The Lickerish Quartet (1970) is regarded by some as his masterpiece. And though three of his prior films (the lesbian romance Therese and Isabelle (1968), his erotic adaptation of the opera Carmen entitled Carmen, Baby (1967), and somewhat kinkier Camille 2000 (1969), by the time The Lickerish Quartet hit theatres, the discerning film-goer knew who he was. A nameless upper-class family of three (father, mother, son) become enthralled by a circus biker chick (Silvana Venturelli) whom they invite to watch a 'blue movie' with them. The woman, credited as 'the visitor,' is not a lusty tough-girl in the fashion of Meyer's Faster Pussycat, Kill! Kill!, in fact her character is far more reminicent of the Terence Stamp's "visitor" in Pasolini's Teorema. She's a mystery that's never solved, but not without becoming the object of the family's sexual fantasies.

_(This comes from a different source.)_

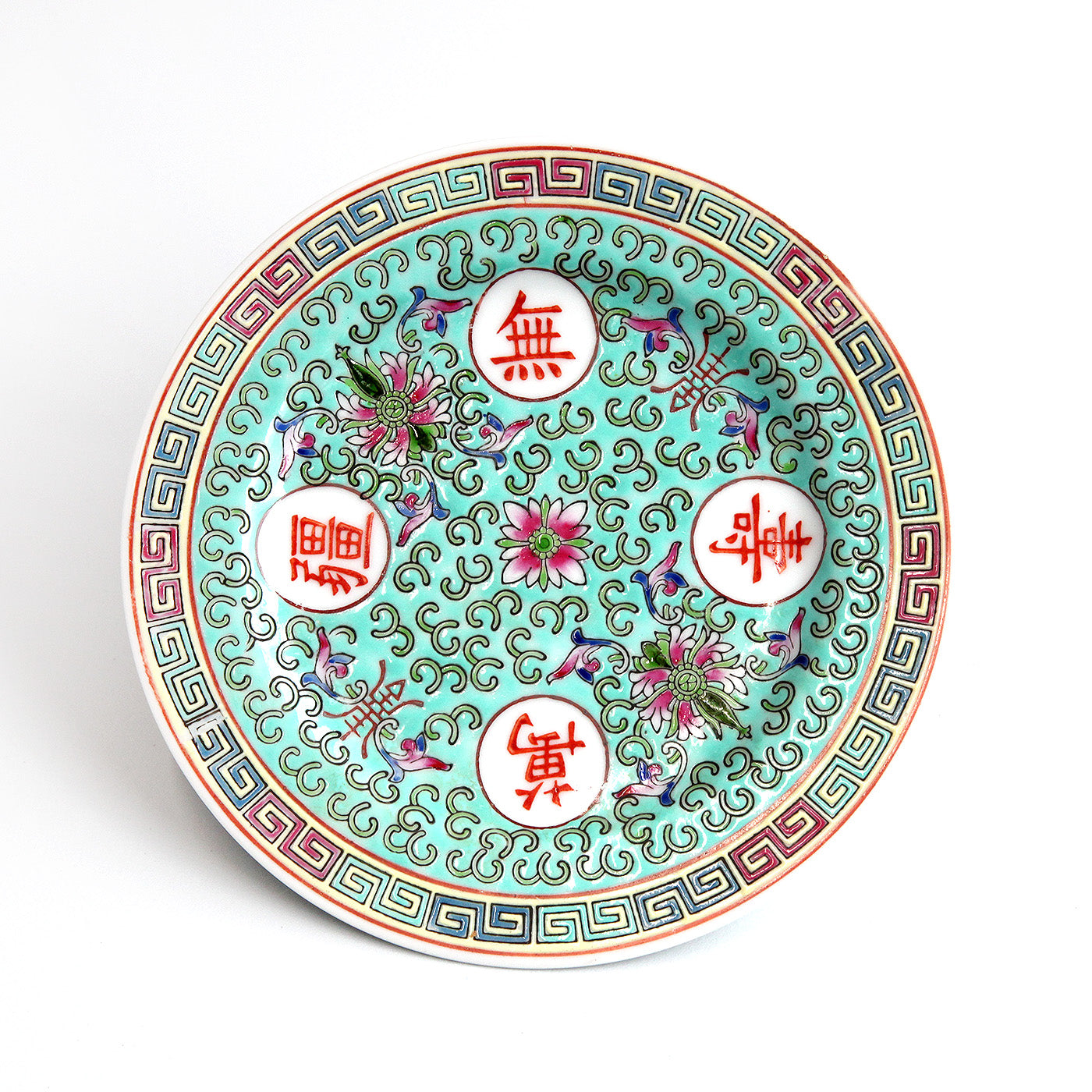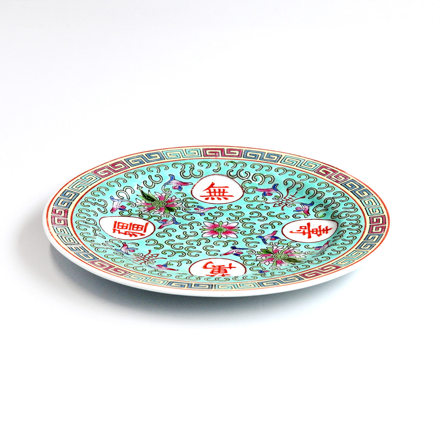 鮮やかな水色をベースに、赤い漢字と色とりどりの花模様が描かれた華やかなデザインが特徴です。縁には中華らしい雷文模様がぐるりと施され、まるで昔の中華料理店や家庭の食卓で使われていたような懐かしい雰囲気を漂わせています。インテリアとして飾っても存在感があり、中国レトロの魅力を感じさせる一枚です。

Score (1973) was Metzger's first film before donning the alias Henry Paris. Though he claims Score was filmed as a hardcore feature, the hard sex has been lost in time; all that remains is a saucy comedy about a bourgeois couple who invites two naive newlyweds for a night of erotic awakenings. Elivra's seduction of the young Betsy seemed pretty natural, but when the film begins to explore the two men's (homo)sexuality, you begin to understand Metzger's idea and presentation of sexuality onscreen. Though he does delve into a Bataille-esque world of sadomasochism in The Punishment of Anne (or, The Image, as it's known on DVD), his ideas of sexuality are refreshingly positive ones. Though one might bring up the fact that all of these films were made pre-AIDS, The Lickerish Quartet, Score, and his porn masterpiece The Opening of Misty Beethoven do more that offer a look at the sexuality or sexual fantasies of the time. Instead, they offer a sex-positive expose, where characters embrace fully their own complex sexualities. All of his films (as most erotic films of the time period and contemporary pornos) allow the female characters to expose their attraction of other females, but, in Score, he shows us that it's a two-way highway. And never does Score feel "gay" as it does "sexual," and this is where the adjective "Euro" works best. While his scores, actors, and setting recall a non-specific European feel , it's truly his openness and embrace of human sexuality that clarifies this description. Metzger displays a healthy, beautiful fantasy world where people take risks and no one judges them for it. A surprising outlook coming from one of the meccas of occidental sexual repression, the United States.